In [3, 5], it was already claimed that for a \(\text {BKZ}_\beta \)-reduced basis \(\mathbf {B}\), \(\text {GSA}\) doesn’t hold in the first and last indices. We call this phenomenon “Head and Tail”, and provide detailed experiments. Our experiments confirm that \(\text {GSA}\) holds in a strong sense in the body of the basis (i.e. outside of the head and tail regions). Precisely, the distributions of \(r_i\)’s are similar in that region, not only their averages. We also confirm the violations of \(\text {GSA}\) in the head and the tail, quantify them, and exhibit that they are independent of the dimension n.

As a conclusion, we shall see that the head and tail have only small impacts on the root Hermite factor when \(n \gg \beta \), but also that they can also be quantitatively handled when \(n \not \gg \beta \).

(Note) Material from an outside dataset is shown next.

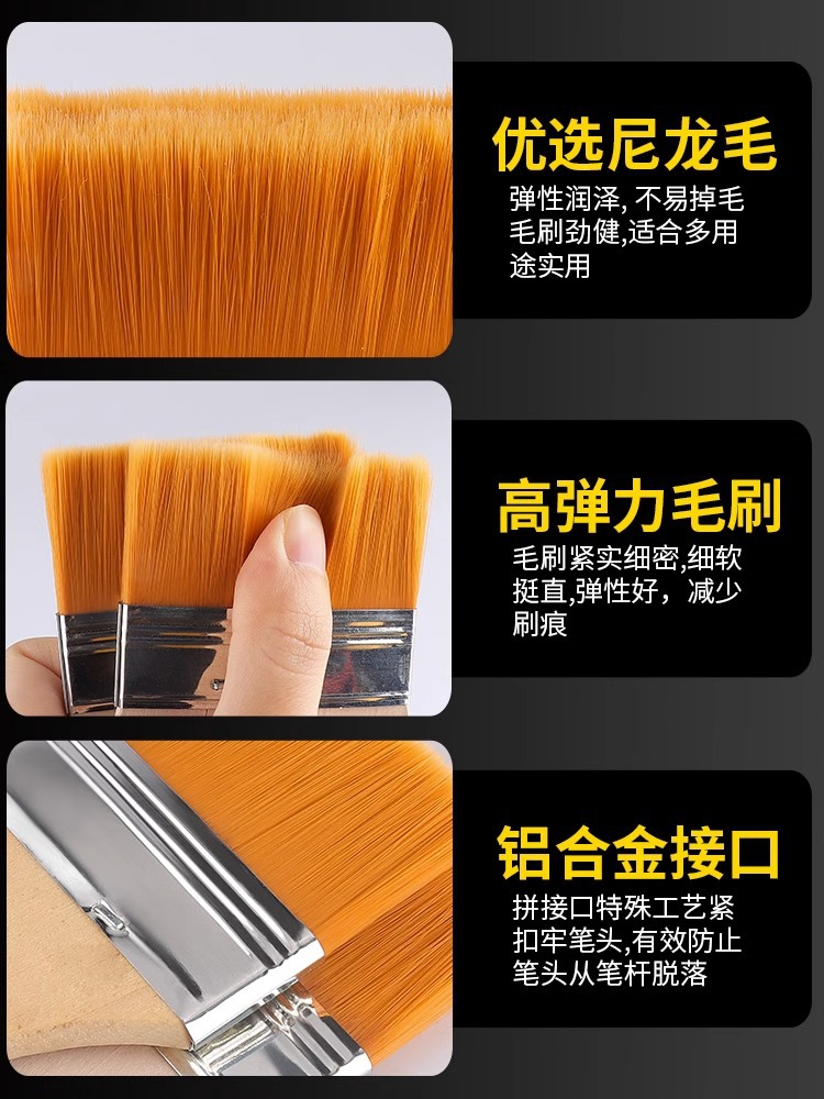 Желтая нейлоновая кисть, набор кистей, барбекю, живопись, нейлоновая кисть, художественная кисть для студентов, масляная живопись, деревянная кисть

We notice that the head has in fact a stronger impact than the tail, which emphasizes the importance of finding models or simulators that capture this phenomenon, unlike the current ones that only capture the tail [5].

3.1 Experiments

We ran \(\text {BKZ}\) on many random input lattices and report on the distribution of each \(r_i\). We first plot the average and the variance of \(r_i\) for various blocksizes \(\beta \) and dimensions n in Fig. 1. By superposing with proper alignment curves for the same \(\beta \) but various n, we notice that the head and tail behavior doesn’t depend on the dimension n, but only on the relative index i (resp. \(n-i\)) in the head (resp. the tail). A more formal statement will be provided in Claim 1.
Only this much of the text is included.